WHAT IS BEING ASKED.
The reply should hold only the lines below beginning at the one with "大きく開いて出し入れしやすいスクエア型保冷保温バッグ" and ending at the one with "Bundle Includes: 10x20", copied exactly, with every picture left out.

AVAILABLE RECORDS.
((

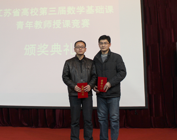 在刚刚结束的江苏省高校第三届数学基础课青年教师授课竞赛中,我校基础课部参赛的两位教师双双获奖,其中朱翔老师的《导数的概念》荣获一等奖,杨先伟老师的《微分中值定理》荣获三等奖。
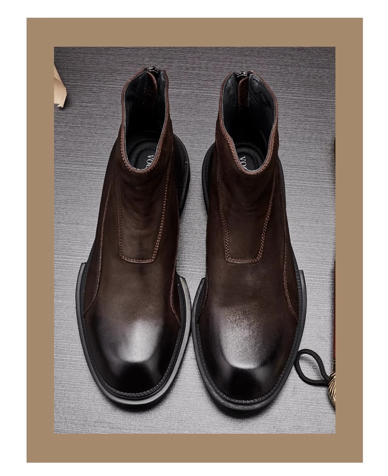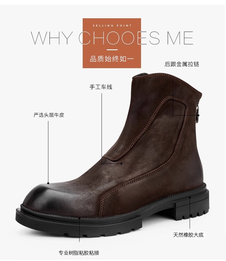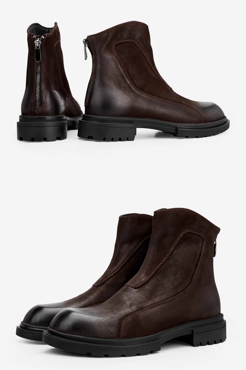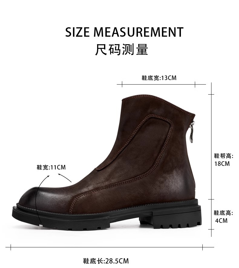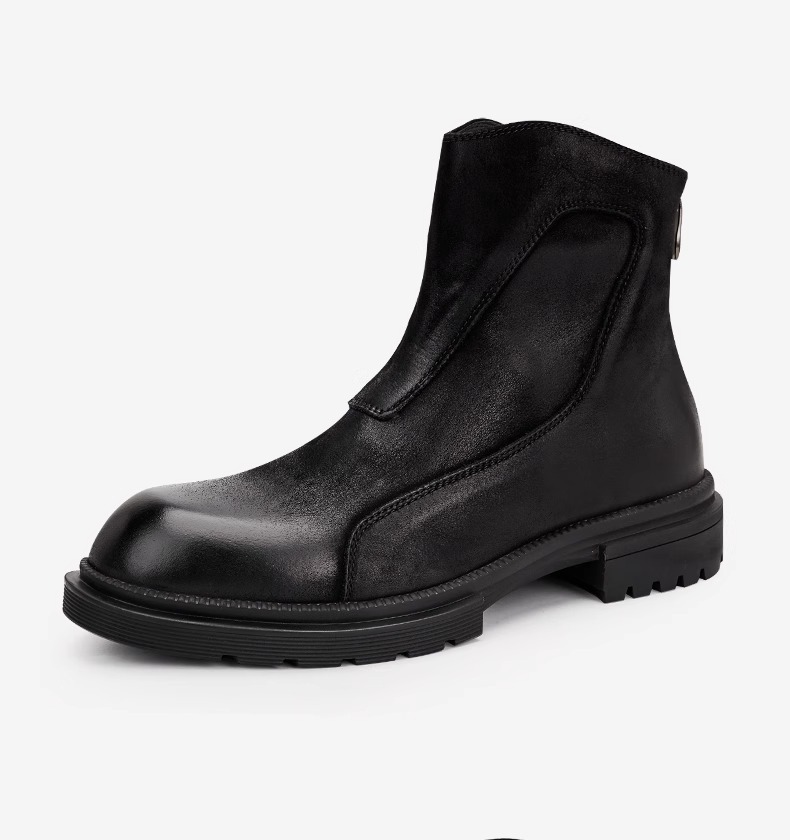 マーティンブーツ男性本革ジッパー高助けブーツ厚い底丸頭チェルシーショートブーツレトロ流行カジュアルブーツ
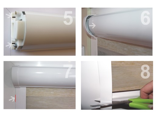 - Można oderwać taśmę przytrzymującą materiał. Dla ułatwienia montażu proszę nie rozwijać rolki z tkaniną.
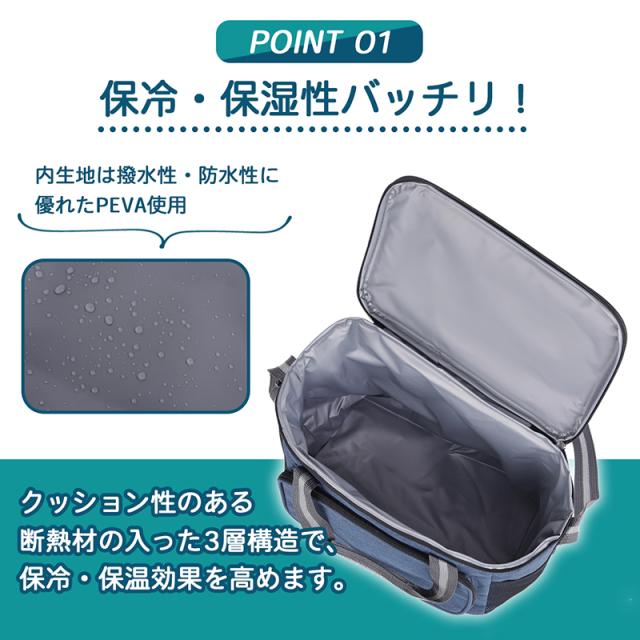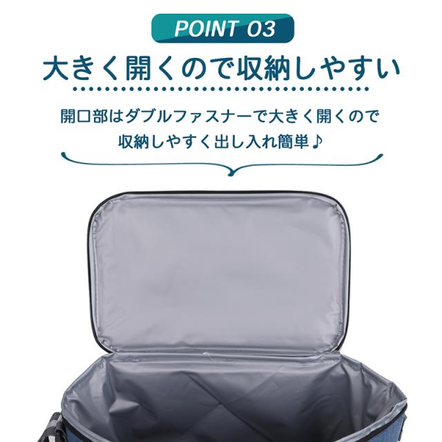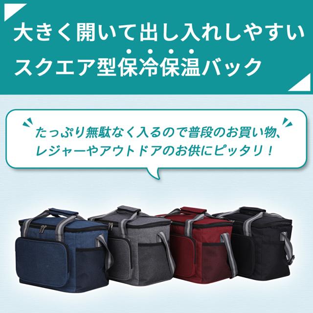大きく開いて出し入れしやすいスクエア型保冷保温バッグ
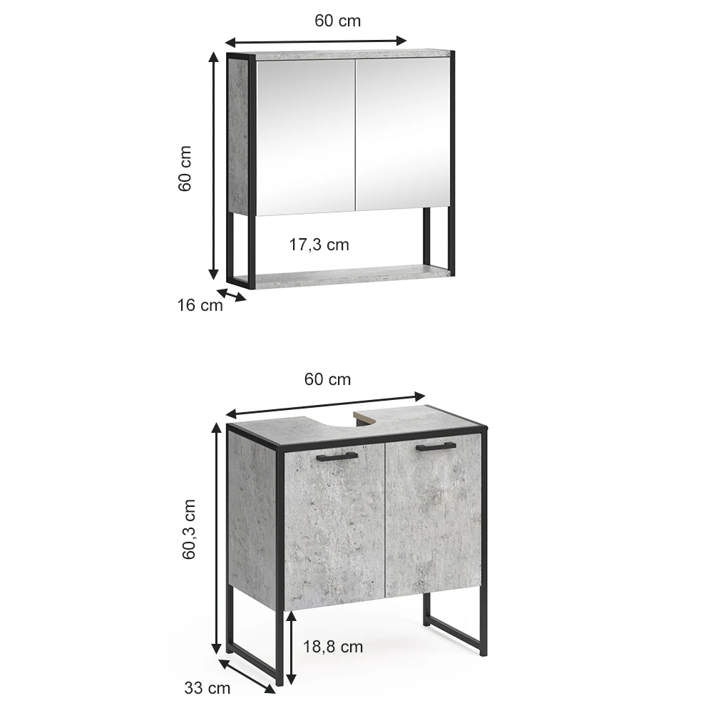- MATERIAL: Das Set mit dem Spiegelschrank besteht aus pflegeleichter Spanplatte 16 mm, mit einer Melaminharzbeschichtung.
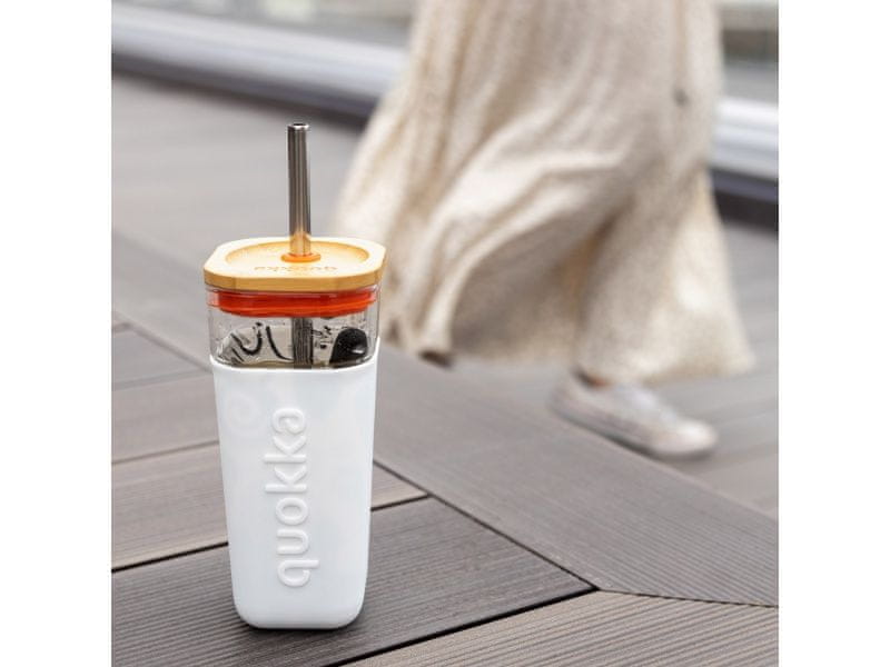Silikonska nedrseča površina ne zagotavlja le čvrstega oprijema, temveč daje kozarcu tudi sodoben in eleganten videz. Ni vam treba skrbeti, da vam bo kozarec zdrsnil iz rok – QUOKKA Cube je zasnovan tako, da vam ob vsakem požirku nudi maksimalno udobje in gotovost.
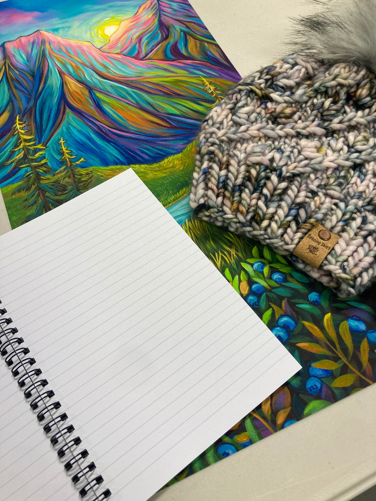 Bundle Includes: 10x20 Secret Solstice Paper Fine Art Print, Hand Dyed Wool Soft Beanie By Dancing Skies and a Secret Solstice Spiral Notebook
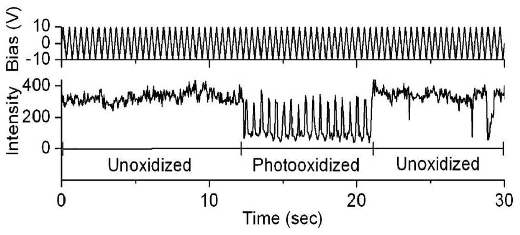 The electric field effects on the luminescence of single semiconductor nanocrystals [63–67] and single conjugated polymers [68–73] have been the subject of a significant amount of experimental studies during the past two decades. Park et al. studied the direct correlation of photobleaching and charge carrier effects of a conjugated polymer by applying an electric field to induce charge transport [69]. Fluorescence blinking of MEH-PPV has been attributed to efficient energy transfer to a reversibly formed, long-lived quencher site, involving some types of local photooxidation of MEH-PPV. Particularly, two characteristic effects have been found when an electric field was applied. For unphotooxidized MEH-PPV, fluorescence was quenched by positive bias. However, for photoxidized molecules an extraordinary repairing of photobleaching was observed when applying a negative bias, as shown in Figure 9. The results imply that the quenching is attributed to reversible ET between singlet excitons and injected holes.
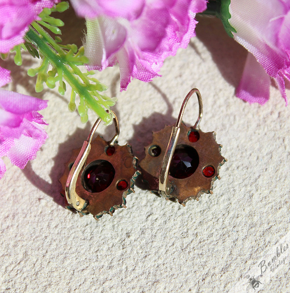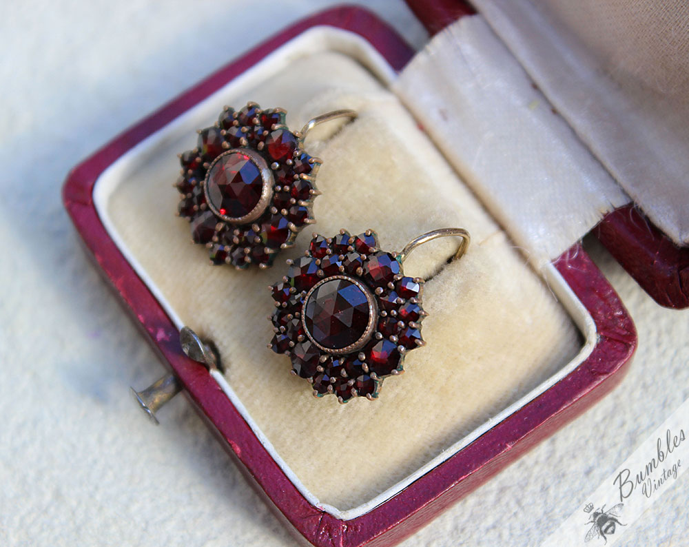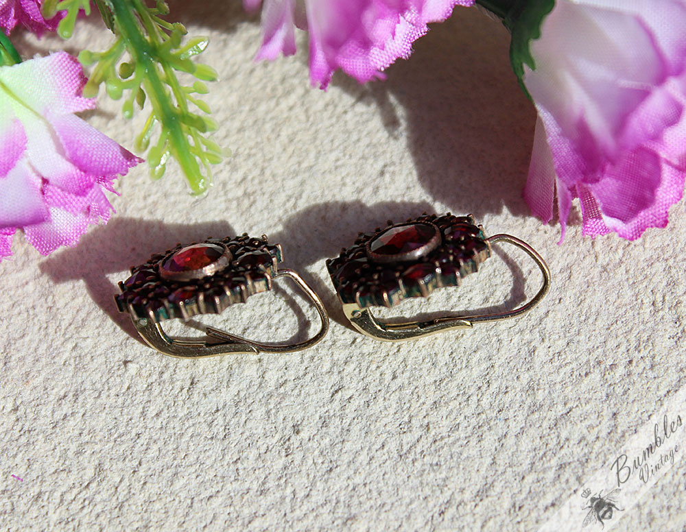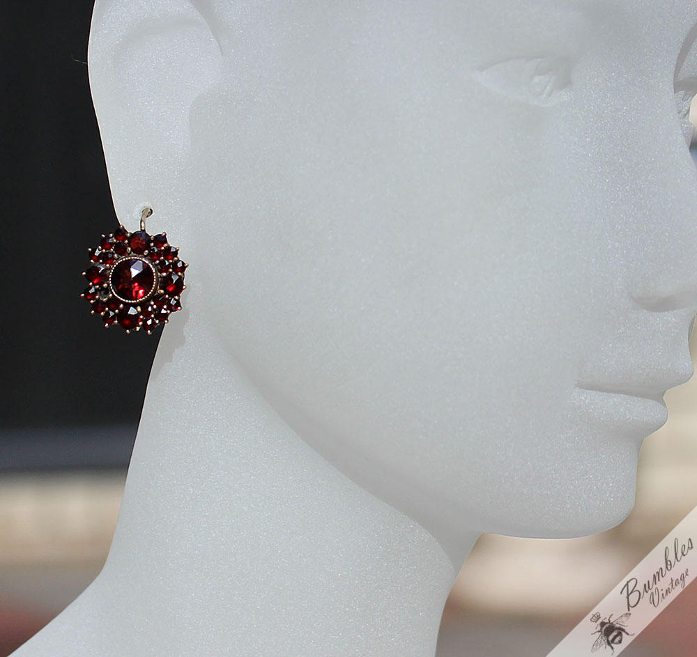 Large Antique Bohemian Garnet Cluster Earrings Tombak

))

TASK SOLUTION.
大きく開いて出し入れしやすいスクエア型保冷保温バッグ
- MATERIAL: Das Set mit dem Spiegelschrank besteht aus pflegeleichter Spanplatte 16 mm, mit einer Melaminharzbeschichtung.
Silikonska nedrseča površina ne zagotavlja le čvrstega oprijema, temveč daje kozarcu tudi sodoben in eleganten videz. Ni vam treba skrbeti, da vam bo kozarec zdrsnil iz rok – QUOKKA Cube je zasnovan tako, da vam ob vsakem požirku nudi maksimalno udobje in gotovost.
 Bundle Includes: 10x20 Secret Solstice Paper Fine Art Print, Hand Dyed Wool Soft Beanie By Dancing Skies and a Secret Solstice Spiral Notebook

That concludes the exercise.